Leave the pictures out. Retype exactly the lines below from the one containing "그리고 드디어 파이썬을 사용해서 첫 프로그래밍을 시작해보겠습니다." through the one containing "#ست سه تکه نوزادی", and no others.

(Records shown):
################

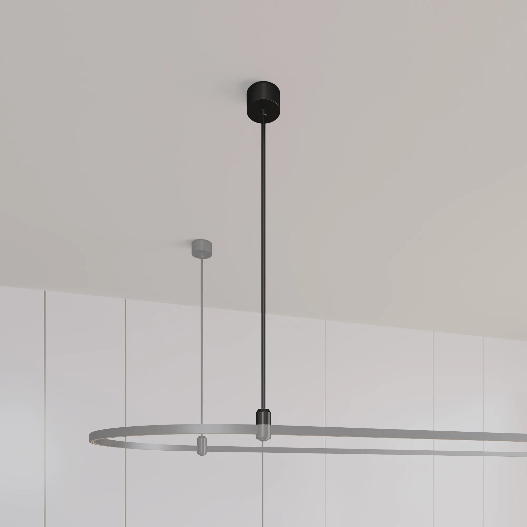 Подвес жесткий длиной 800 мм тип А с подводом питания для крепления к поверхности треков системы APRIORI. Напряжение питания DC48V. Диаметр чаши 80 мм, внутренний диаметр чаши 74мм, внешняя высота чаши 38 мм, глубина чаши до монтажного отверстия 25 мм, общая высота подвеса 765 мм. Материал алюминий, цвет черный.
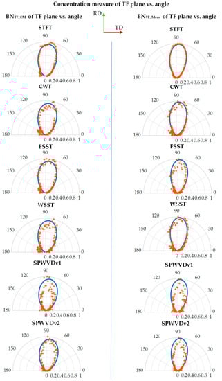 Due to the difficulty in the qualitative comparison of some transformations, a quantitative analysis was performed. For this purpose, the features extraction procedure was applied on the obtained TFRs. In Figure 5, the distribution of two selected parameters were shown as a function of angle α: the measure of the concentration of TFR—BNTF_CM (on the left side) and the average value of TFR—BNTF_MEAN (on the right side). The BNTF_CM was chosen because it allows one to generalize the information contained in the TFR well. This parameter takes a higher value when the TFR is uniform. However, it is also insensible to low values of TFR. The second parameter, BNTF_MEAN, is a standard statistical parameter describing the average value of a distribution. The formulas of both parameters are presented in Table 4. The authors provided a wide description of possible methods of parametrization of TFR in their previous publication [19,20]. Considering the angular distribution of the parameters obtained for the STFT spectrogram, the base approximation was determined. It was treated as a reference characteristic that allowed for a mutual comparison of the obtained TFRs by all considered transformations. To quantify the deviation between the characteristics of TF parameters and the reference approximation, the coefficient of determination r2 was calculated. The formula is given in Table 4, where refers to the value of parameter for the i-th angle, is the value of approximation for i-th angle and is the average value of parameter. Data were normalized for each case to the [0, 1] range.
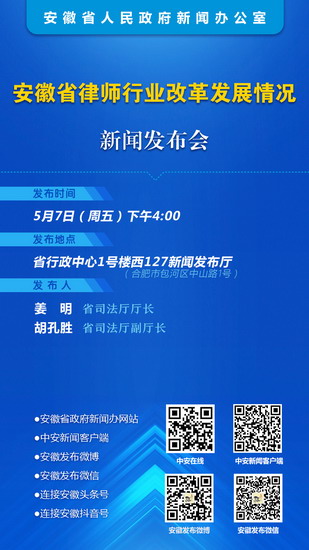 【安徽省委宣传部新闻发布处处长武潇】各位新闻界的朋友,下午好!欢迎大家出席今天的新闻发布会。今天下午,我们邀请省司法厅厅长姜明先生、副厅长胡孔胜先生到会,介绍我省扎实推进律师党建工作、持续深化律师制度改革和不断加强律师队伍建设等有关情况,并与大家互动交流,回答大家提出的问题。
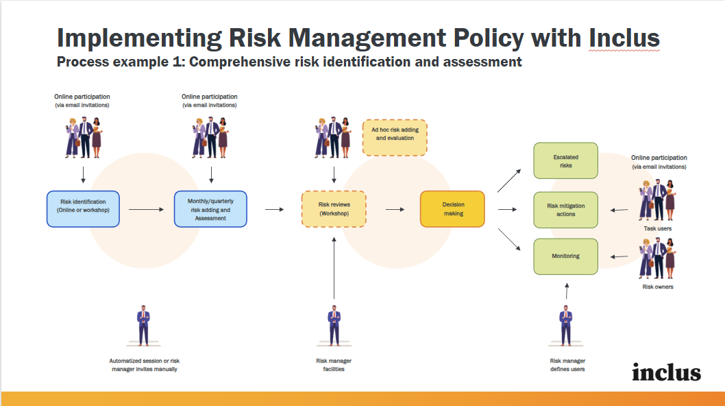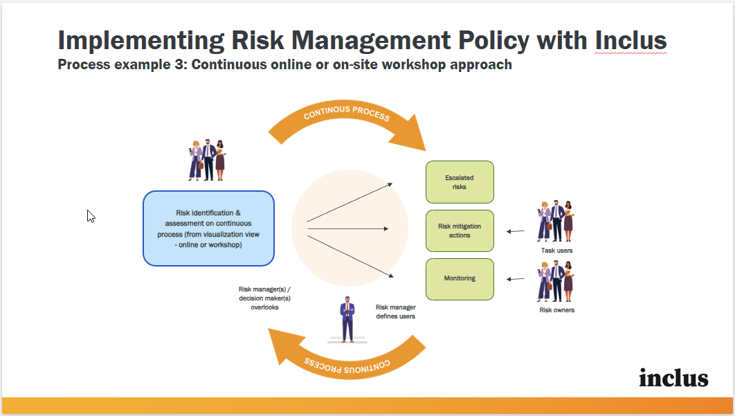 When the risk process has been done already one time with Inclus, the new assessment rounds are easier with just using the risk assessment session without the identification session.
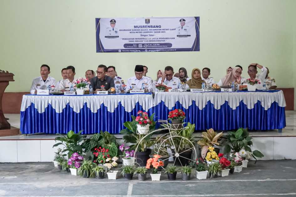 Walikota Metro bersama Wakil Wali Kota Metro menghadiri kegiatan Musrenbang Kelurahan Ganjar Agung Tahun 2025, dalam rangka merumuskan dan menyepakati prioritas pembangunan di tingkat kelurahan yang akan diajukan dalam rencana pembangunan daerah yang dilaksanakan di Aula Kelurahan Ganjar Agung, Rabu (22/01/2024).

################

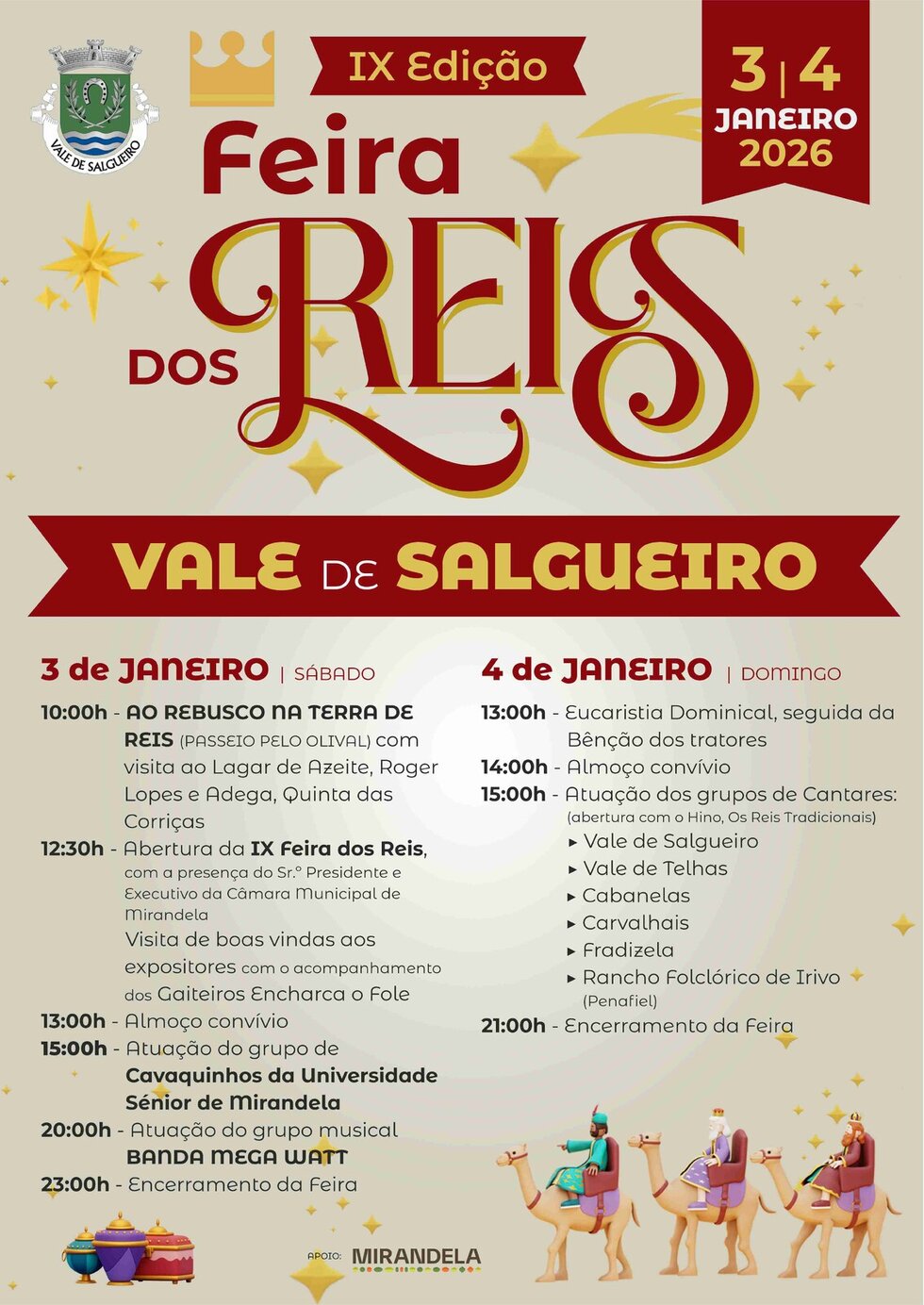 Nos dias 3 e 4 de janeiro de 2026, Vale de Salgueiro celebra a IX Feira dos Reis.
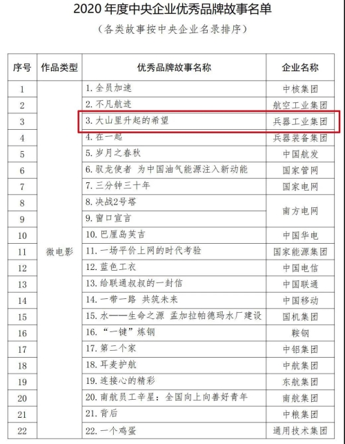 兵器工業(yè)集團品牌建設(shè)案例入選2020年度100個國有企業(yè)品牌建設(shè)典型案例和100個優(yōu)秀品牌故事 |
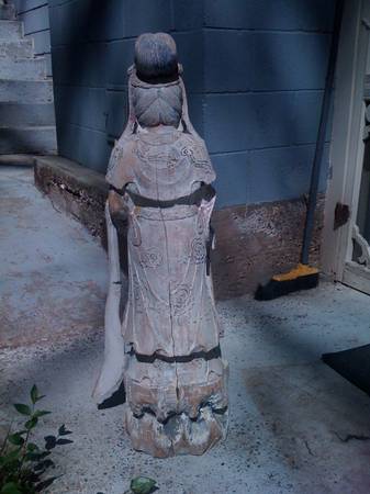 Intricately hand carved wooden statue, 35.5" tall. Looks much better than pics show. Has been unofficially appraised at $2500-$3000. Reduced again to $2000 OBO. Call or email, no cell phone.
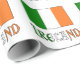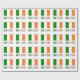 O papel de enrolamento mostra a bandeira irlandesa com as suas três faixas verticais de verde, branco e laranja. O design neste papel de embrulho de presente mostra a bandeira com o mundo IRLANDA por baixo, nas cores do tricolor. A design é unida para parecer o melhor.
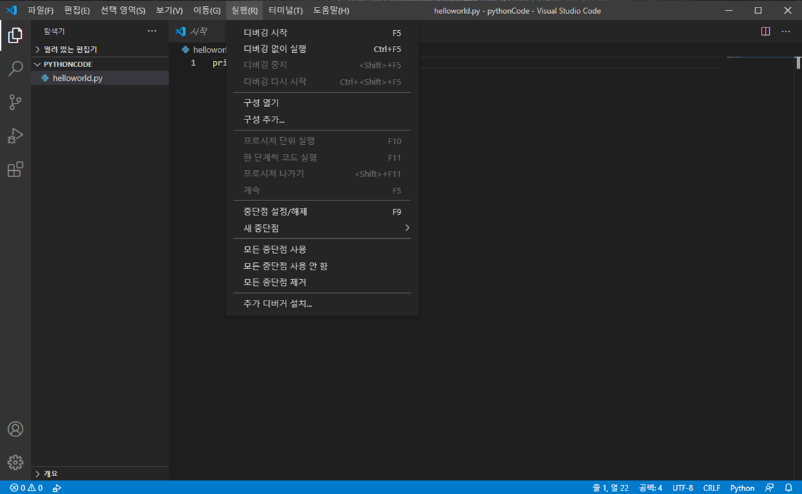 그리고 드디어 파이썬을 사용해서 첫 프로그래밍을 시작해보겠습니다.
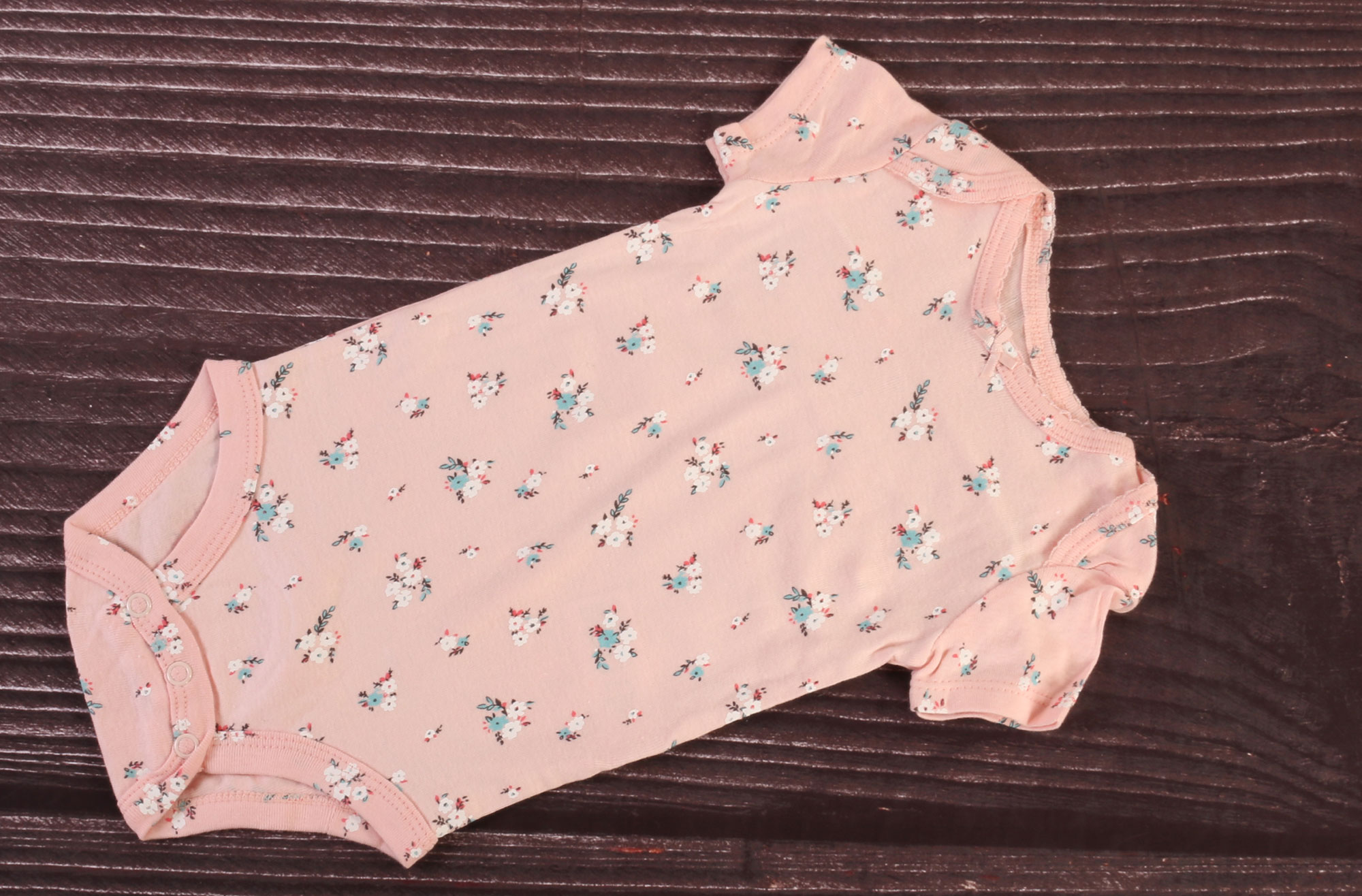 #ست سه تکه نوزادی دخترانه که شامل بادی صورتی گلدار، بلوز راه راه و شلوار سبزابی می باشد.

################

(Response):
 그리고 드디어 파이썬을 사용해서 첫 프로그래밍을 시작해보겠습니다.
 #ست سه تکه نوزادی دخترانه که شامل بادی صورتی گلدار، بلوز راه راه و شلوار سبزابی می باشد.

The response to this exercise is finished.